Cancelled SSE stream keeps generating tokens — backend bills accumulate after user closes the tab

User closes a long-running chat tab. Frontend SSE connection drops. But the backend keeps reading from the LLM stream until the model finishes (could be 30+ seconds). Tokens are billed. With 10K daily users abandoning slow streams, this added $1,200/month in pure waste.

What happened

Chat app with streaming responses. User asks a question, model streams ~5K tokens of output. Average user reads ~30 tokens before deciding the response isn't useful and closes the tab.

Naive backend:

@app.post("/chat")
async def chat(req):
    stream = await client.messages.create(stream=True, ...)
    async def emit():
        async for chunk in stream:
            yield f"data: {chunk.json()}\n\n"
    return StreamingResponse(emit(), media_type="text/event-stream")

When the client disconnects, FastAPI raises ClientDisconnect eventually, but the async for chunk in stream loop keeps pulling from the model. The model continues generating. Tokens are billed.

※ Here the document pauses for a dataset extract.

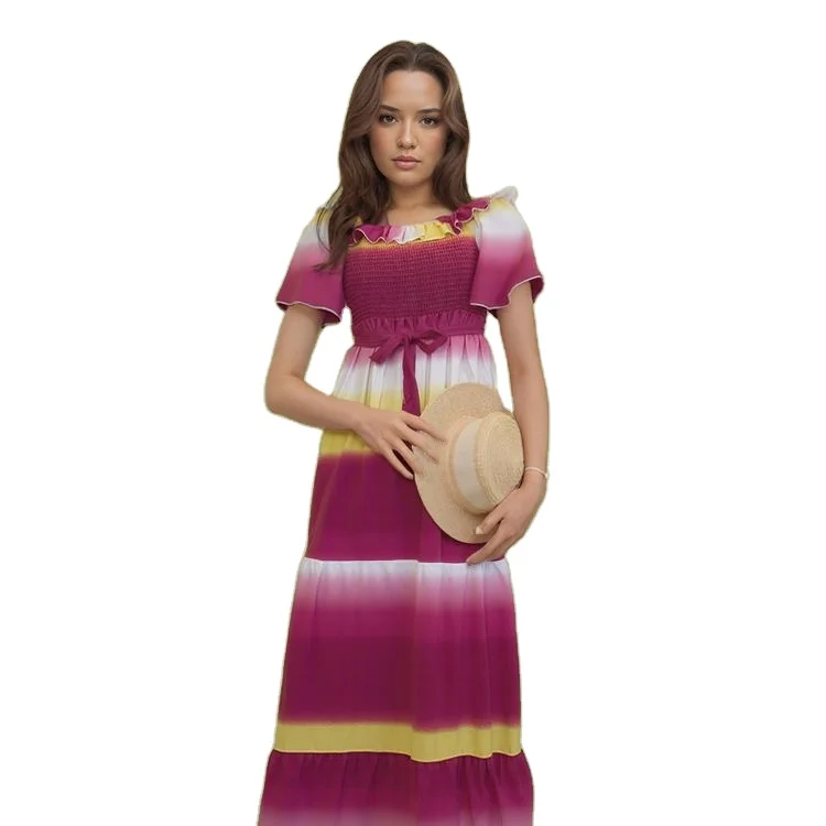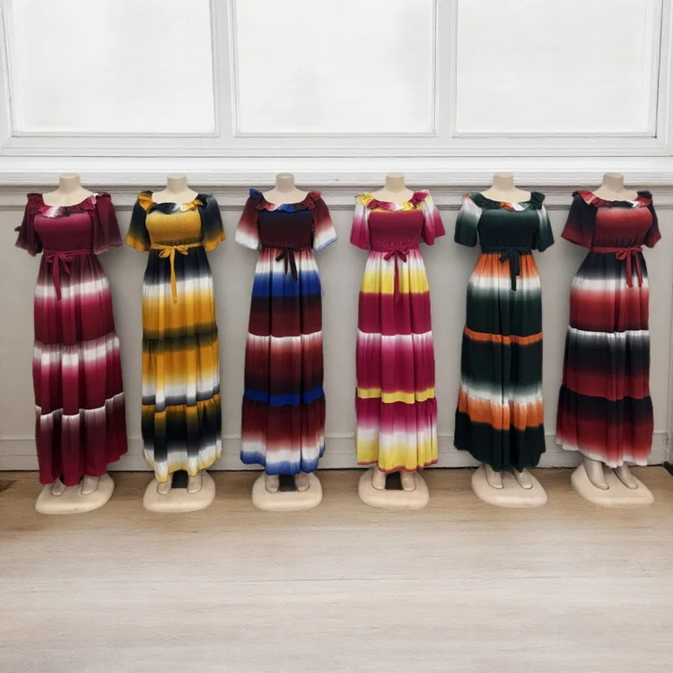 Summer New Fashion Design Waist Lace Color Block African Print Women's Fashion Casual Dress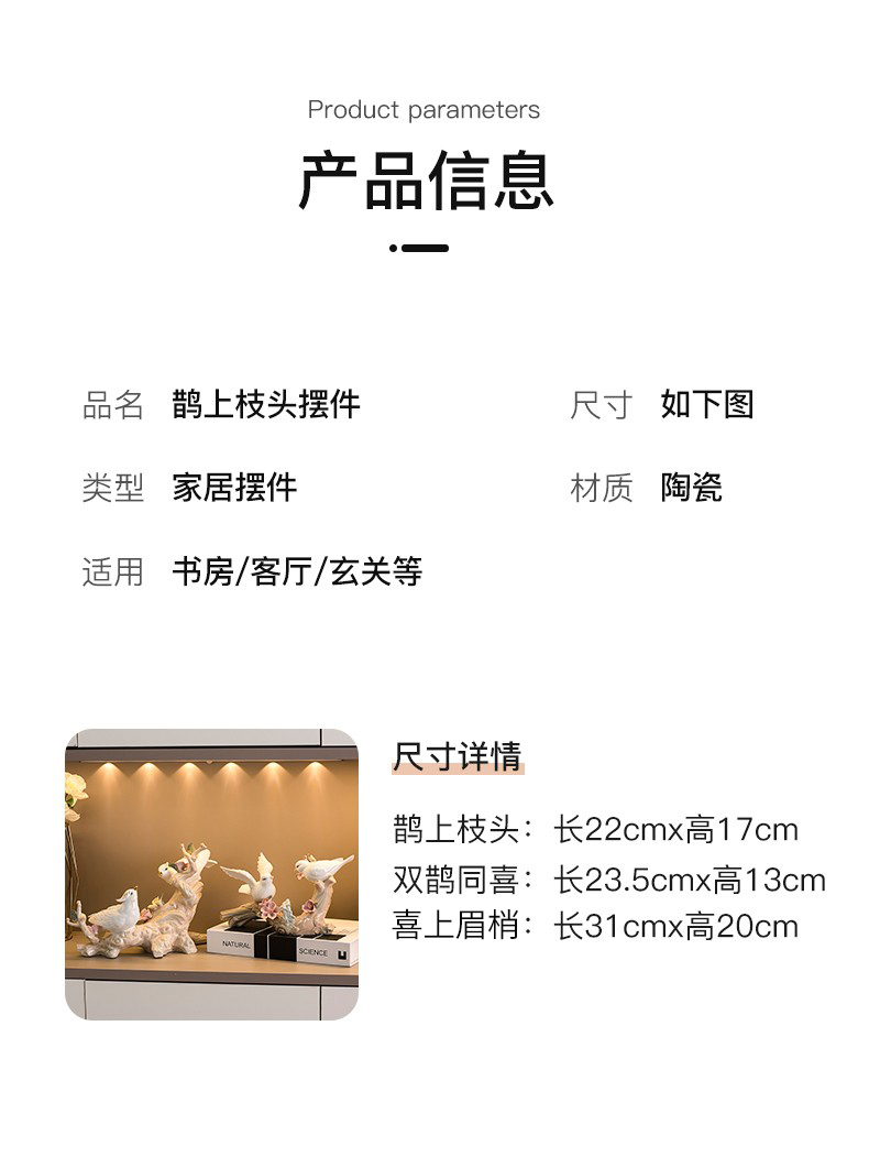 现代简约陶瓷小鸟摆件家居客厅酒柜软装饰品欧式房间桌面玄关摆件

Per-user cost difference per cancelled response:

Tokens emitted to user: ~30
Tokens generated server-side after disconnect: ~4,970
Cost ratio: 99.4% wasted

Diagnosis

The httpx/anthropic/openai SDK streams keep the upstream HTTP connection open and keep reading bytes. Closing the client connection downstream doesn't propagate upstream automatically. You have to explicitly cancel.

The fix

Watch for client disconnect and abort the upstream stream:

import asyncio
from fastapi import Request
@app.post("/chat")
async def chat(req: Request):
    stream = await client.messages.create(stream=True, ...)
async def emit():
        try:
            async for chunk in stream:
                if await req.is_disconnected():
                    break  # bail out
                yield f"data: {chunk.json()}\n\n"
        finally:
            await stream.aclose()  # explicit abort — important
return StreamingResponse(emit(), media_type="text/event-stream")

stream.aclose() (or stream.cancel() in some SDKs) sends a TCP close to the model provider. Most providers stop billing within a token or two.

After fix: average wasted tokens per cancelled response dropped from 4,970 to ~12.

Takeaway

Streaming responses are asymmetric — closing the downstream connection does NOT cancel the upstream model call. Wire the disconnect signal explicitly. And if you're using a framework that wraps SSE, verify it handles this — many don't.